Saturday, February 10, 2018

Blood Feast (Herschell Gordon Lewis, 1963)

How am I just seeing Blood Feast for the first time? I've read about this movie since I was a kid, I've heard John Waters rave about it in interviews, I love the Blood Feast homage Blood Diner, and I've seen a few other Lewis movies (Two Thousand Maniacs, She-Devils on Wheels). What kept me away from Blood Feast? I think I expected it to be an unpleasant torture-fest when instead it's a campy, silly, entertainingly oddball piece of both accidental and purposeful art. It's a cool-looking movie, and the bad acting is hilariously expressive and weird instead of stiff.
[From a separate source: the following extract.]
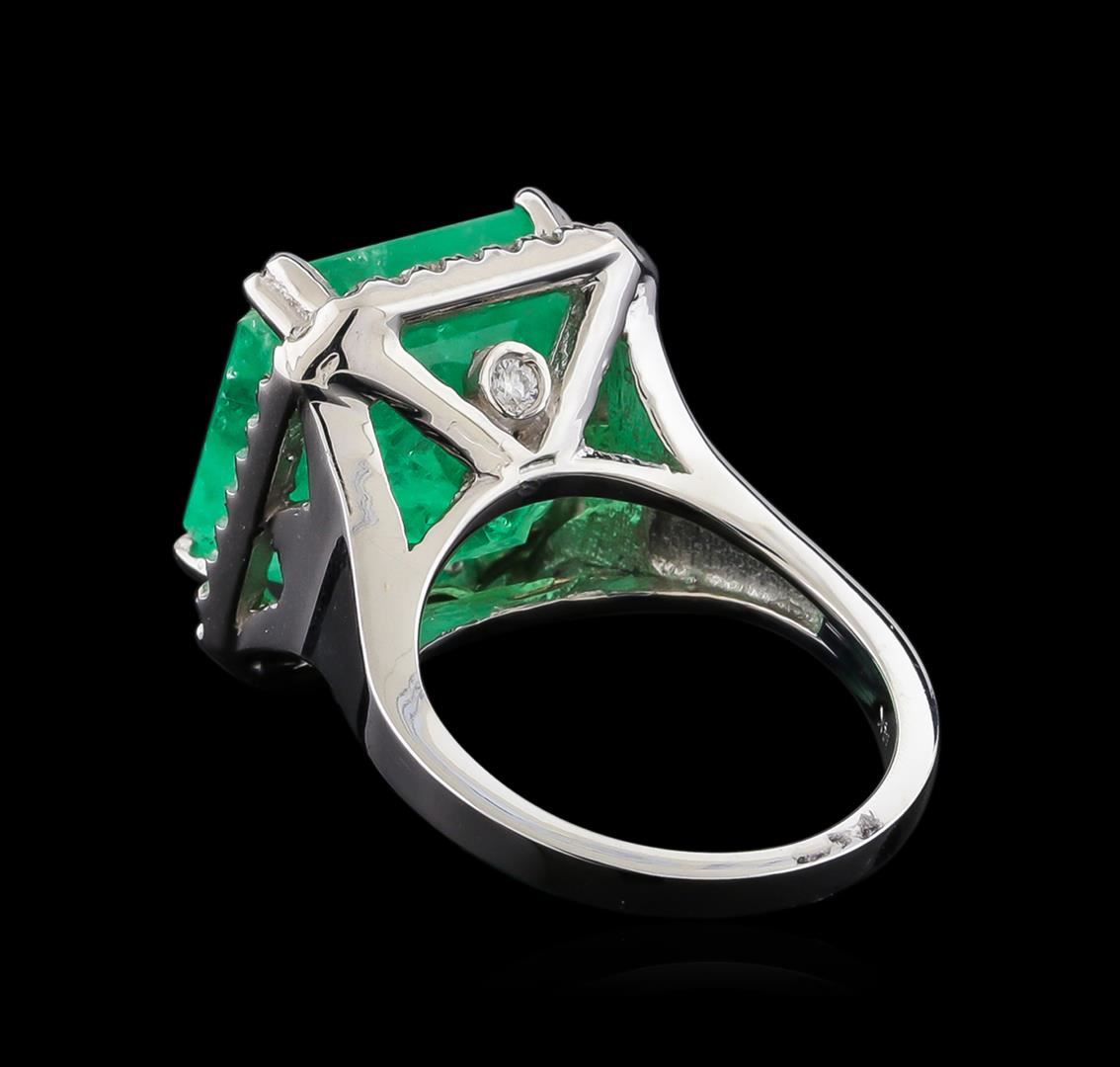 One electronically tested 14KT white gold lady's cast fashion ring with a cathedral halo with a bright polish finish. The featured lady's ring has a shank measuring 2.11 millimeters wide. Identified with markings of "14K". Condition is new, good workmanship. Containing: One prong set emerald step cut natural emerald, measuring 13.95 x 13.24 x 10.20mm, exact weight 12.69ct., clarity is moderately included, type III, medium, very slightly grayish, green color, (GIA G 5/3), cut is good. Transmitting light somewhat diffusely, transparent to translucent. Naturally occurring internal & external characteristics are present. Clarity enhanced. Graded loose prior to setting in the GIA Laboratory, Report #2175501592.Two prong set round brilliant cut diamonds, measuring 2.00 - 1.90 x 1.21mm (depth est.) approximate total weight of 2 Stones = 0.06ct. Graded in the setting. Clarity: SI-2. Color: H. Cut Good Thirty-Four prong set round brilliant cut diamonds, measuring 1.40 - 1.30 x 0.84mm (depth est.) approximate total weight of 34 Stones = 0.32ct. Graded in the setting. Clarity: SI-1 to I-1. Color: G - Good. Total Weight of Colored Stones 12.69ct. Total Weight of Diamonds 0.38ct. Total Weight of Ring 10.90gm. GAS Appraised at $15,560.00.

I love weird bad acting probably more than I love good acting.
Commonly considered the first ever gore film, Blood Feast takes place in the Miami suburbs. The city is in fear because of a wave of horrible murders of young women, and the police (or at least the two detectives and their chief who seem to be the only cops in the city) have no clues. Meanwhile, Mrs. Dorothy Fremont and her insanely large hat are planning a party for her daughter Suzette, a student of Egyptian culture, and she hires Egyptian caterer Fuad Ramses to prepare a feast for the party. Besides his weirdo catering company, Ramses has a side gig as the author of the fantastically titled book Ancient Weird Religious Rites. Is Ramses connected to the murders? (Of course he is.) Do the murders have something to do with the ancient cult of Ishtar? (Of course they do.) Watch and find out.
This is one of those movies that breaks every conventional rule of filmmaking and gets the job done in less than 70 minutes, and I salute it. There are some crazy images and performances in Blood Feast that would never be found in most other films. Mal Arnold is hysterical as Ramses, and I loved Lewis' closeups of his crazy eyes. William Kerwin as homicide detective Pete Thornton is the only natural actor in the bunch, and the movie would have been a dud if everyone were as competent as him. The movie is clearly the work of amateurs, but every scene has a strong visual punch and real personality. It's not a generic slasher flick.
The world is a slightly better place because of weirdos like Lewis, who died in 2016 at the age of 90, and who had successful careers in advertising, copywriting, and university teaching in English literature and mass communications in addition to his career as a director of bizarre, low-budget movies.  
Blood Feast is rad. Why did I wait so long to see it?